The decision to evacuate patients isn't made lightly because it carries substantial risks, said Hank Christen, director of emergency response operations for Unconventional Concepts Inc., a consulting firm that contracts with federal agencies on emergency preparedness and counterterrorism.

"These are frail patients that are power-dependent and not all are going to survive the trip," he said. "It's not an easy call. You will lose patients in the act of transporting."

But waiting can be fatal, too, he said. "If patients are in a storm surge zone, you've got to get them out of there."

Organizations typically need to have three levels of evacuation planning and contract with facilities 50 to 100 miles away as a back-up plan for a back-up plan, said Christen, who was emergency services director in Okaloosa County, Florida, from 1987 until 2000.

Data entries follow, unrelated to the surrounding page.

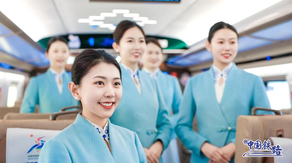 列車上,乘務(wù)員身著帶有雪花刺繡的藍(lán)白衣裙,熱情、得體地與乘客交流。車廂內(nèi)印有亞冬會元素的時(shí)刻表、貼紙隨處可見,營造出濃厚的冰雪體育盛會氛圍。
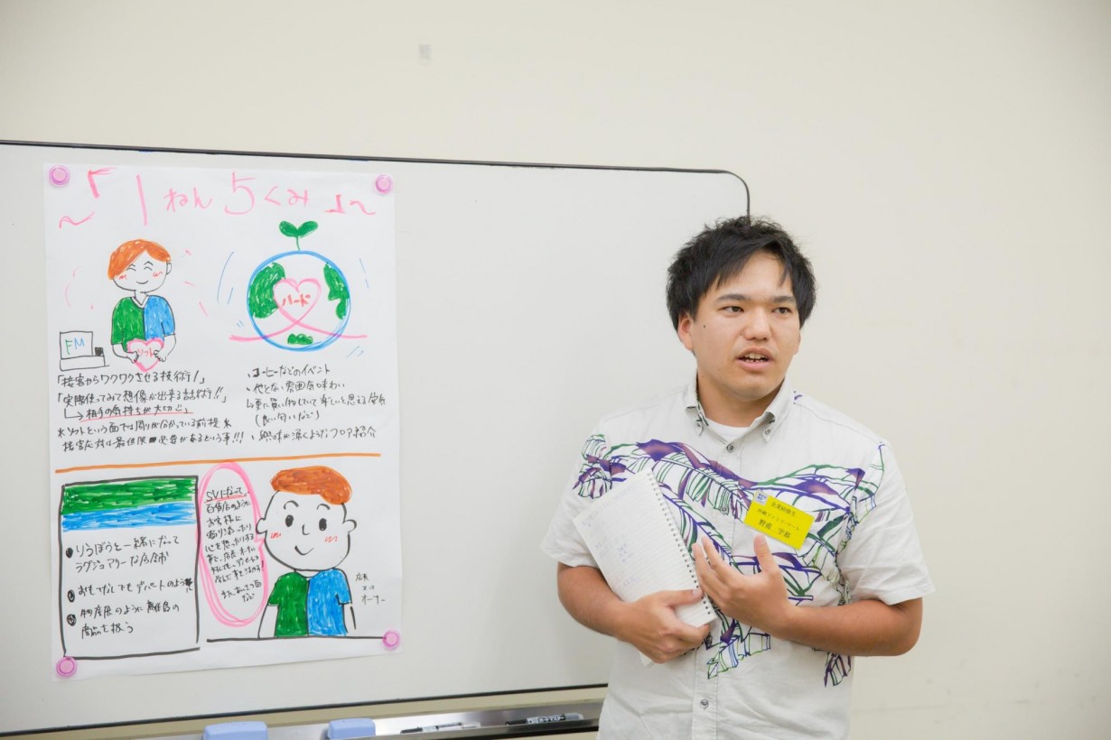 絵を描くのが得意な上地さんが、驚くべきスピードで、まとまった内容を図式化していきます。発表役の野甫さんも「まとめるのは、彼にまかせておけば安心です!」と厚い信頼を寄せます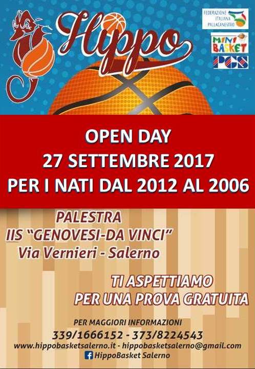 E’ tutto pronto per il 2^ Open Day del MiniBasket della Hippo Basket Salerno. La seconda giornata di presentazione delle attività per la stagione 2017/2018 è fissata per mercoledì 27 settembre, a partire dalle ore 16.Bambini/e e ragazzi/e nati/e tra il 2012 e il 2006 sono invitati con le loro famiglie presso la palestra dell’IIS “Genovesi-Da Vinci” (ingresso dalle scalette di via Vernieri) per un pomeriggio di giochi e sano divertimento all’insegna della palla a spicchi!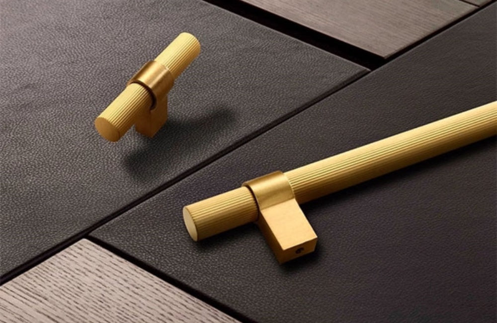 Crafted from solid brass, these handles feature a textured knurled pattern, giving them a unique, industrial look while enhancing grip. The T-bar shape provides a sleek, minimalist silhouette, making them a perfect fit for contemporary and transitional spaces. With their luxurious brass finish, these handles not only add durability but also a refined, sophisticated touch to any cabinet or drawer.
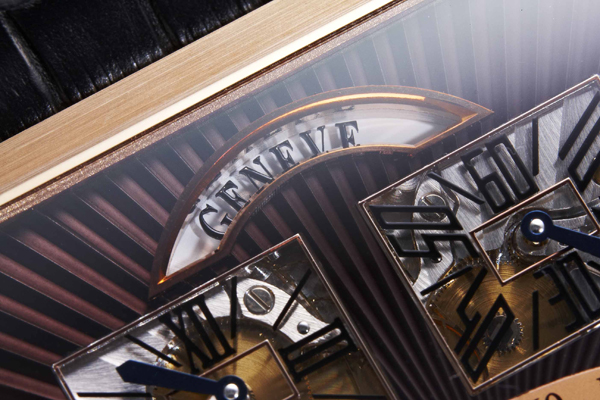 圖說:十二點鐘方向的Geneve字樣會與秒針同步切換方向,秒針在前30秒時,字在右邊;反之亦然。

"We had nursing homes either contract private assets or use public school buses," he said. "You can't rely on the ambulance system."

Christen said he hasn't seen any of the New Orleans hospitals' plans, but that he's attended professional emergency management conferences since the mid-80s. "The New Orleans scenario was discussed at every one I ever went to... There's no way any professional in this business could justify saying they had not heard of this and were totally surprised."

Still, not every contingency can be covered if hospitals want to stay in business, said Dr. Joel Shalowitz, head of the health industry management program at Northwestern University's Kellogg School of Management.

"This is a huge, hopefully once in a lifetime event that in some ways you can't plan for," Shalowitz said. "You can't plan that this is going to happen at every hospital in the country because preparing for this would bankrupt the system."

AHA's Bentley agreed that planning can only prepare hospitals to a degree. "A disaster never plays out the way the disaster plan works."

The fact that patients needed to be evacuated outside state borders points to an overburdened health-care system, said Suter, who's also medical director at Spring Branch Medical Center in Houston and associate professor of emergency medicine and surgery at Parkland Memorial Hospital in Dallas.

To be sure, health-care workers did the best they could to set up temporary hospitals at places like Louisiana State University's basketball arena, he said. "For two days, a closed Kmart was one of the biggest hospitals in the state of Louisiana."

But undercapacity was a challenge too big to overcome, he said. "There are people who died waiting for the provider taking care of them to have a place to send them. If there had been capacity in the state of Louisiana in unaffected areas, they would have lived."

Said Suter: "Part of the body count from this disaster is due to the fact that hospitals have no surge capacity on a day-to-day basis in the health-care system."